Dr. Koto Shinryoujo - Vol. 5 Ch. 46 - Dr. Koto Anguishes

Dex-chan lover
Joined
Oct 16, 2018
Messages
492
It may be fucked up but. I'm happy that Koto didn't have enough of an ability to deal against the old man's cancer. He really does know his abilities
 
Group Leader
Joined
Jan 19, 2018
Messages
130
I dont really like the old man that much previously but this chapter kinda changes my view about that.

Another emergency! Both men work together! DX

Thank you Zoro!
 
Double-page supporter
Joined
Sep 1, 2018
Messages
1,185
One life slowly ends;
one life suddenly begins;
Thanks, Doctor Koto.
 
Joined
Jan 28, 2018
Messages
9
Wtf koto
The best surgeon is the one who know when he does not need to cut a patient.

He knew that the patient has terminal pancreatic cancer.

Just by putting the frail old man under general anesthesia and cutting him up, without an anesthetist, he ran the risk of killing his patient right then and there, not even mentioning the recovery of the wound and infection, which would be a huge deal for a frail old man.

Doctors do not operate “even if there is only a small chance”

Blinded by his own ego and arrogance, doctor koto’s management of this patient was a colossal clusterfuck and might even bordering on unethical.
 
Fed-Kun's army
Joined
Aug 11, 2018
Messages
289
Tbf he has done other crazy stuff as well but got a pass just because it went well, now not only failed, he also lied to the patient... Wtf
 
Group Leader
Joined
Nov 5, 2018
Messages
83
@Andraker

I wouldn't say he really lied though. Dr. Furukawa knew what the result was, which imo is signified by both their wordless stares to each other on page 8.

@19012537

Yeah, I thought about the anesthesia part myself, but the dangers of anesthesia might have just been something the mangaka didn't think of. He's not a doctor, and I don't remember any cases where anesthesia is a problem/dangerous in the rest of the manga. I wouldn't blame Dr. Koto for this!!
 
Joined
Jan 28, 2018
Messages
9
@First_Mate_Zoro

Even without the anesthesia aspect, the post-op recovery was going to be a huge deal. As you can image, cutting up a person's abdomen is no laughing matter. In the scenario that Doctor Koto did nothing after opening hip um, this old man is going to be bed-bound for at least 2-3 days. He will need an IV for fluid and considering that the gastrointestinal tract was touched upon, might need to be NPO (nothing per oral) for 1 or 2 days. If he can't move, he will also need a foley's catheter. This would expose him to a slew of condition in the undoubtedly not that sanitary clinic, including urinary tract infection, atelectasis, pneumonia, and god knows what. During his bed-bound period, his muscle will also waste away due to malnutrition. He would likely need physical rehabitation in order to walk again.

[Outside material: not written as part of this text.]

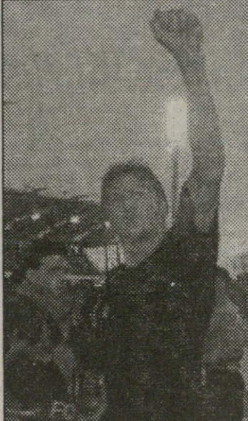
შტუტგარტი ვოლფსბურგი და ნანატრი მოგება უხარია

რეპრეზენტაციის მატჩები ევროპის ჩემპიონატის ფარგლებში გაიმართა. პირველი მატჩი გერმანია-სლოვაკია გაიმართა. გერმანია 2:1 სლოვაკიას დაამარცხა. მატჩი 15 წუთში დასრულდა, პირველი გოლი გერმანიის მწვერვალურმა ნახევარდელმა კარლსონმა გაიტანა. მატჩი 15 წუთში დასრულდა, პირველი გოლი გერმანიის მწვერვალურმა ნახევარდელმა კარლსონმა გაიტანა. მატჩი 15 წუთში დასრულდა, პირველი გოლი გერმანიის მწვერვალურმა ნახევარდელმა კარლსონმა გაიტანა.
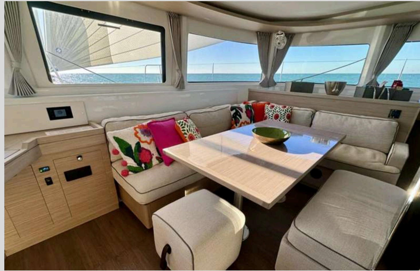
LES SALONS EXTERIEUR & INTERIEUR

And that is if Koto did nothing. Assuming that Koto decided to do something, that would be Whipple's operation (the "cure" for pancreatic cancer), AKA pancreaticoduodenectomy AKA cutting away the pancrease and part of intestine, then stitching the rest together. It is a huge operation which undoubtedly puts tremendous strain on a patient. As his intestine was stitched together, the patient would need to be NPO for at least 3 days, sometimes up to 7 days. As you can imagine, you will need to multiply all the complications above by a lot, all of which can potentially kills him. Even if he is "cured" of his cancer, he might die 2 weeks later from a hip fracture caused by simple fall. This does not count the mandatory chemotherapy or radiation therapy which he might need afterward.

What is most important is definitely not only the success of the surgery, but what the quality of life of the patient will be after that, for a surgeon who only cares about his surgery is not a doctor, but only a butcher.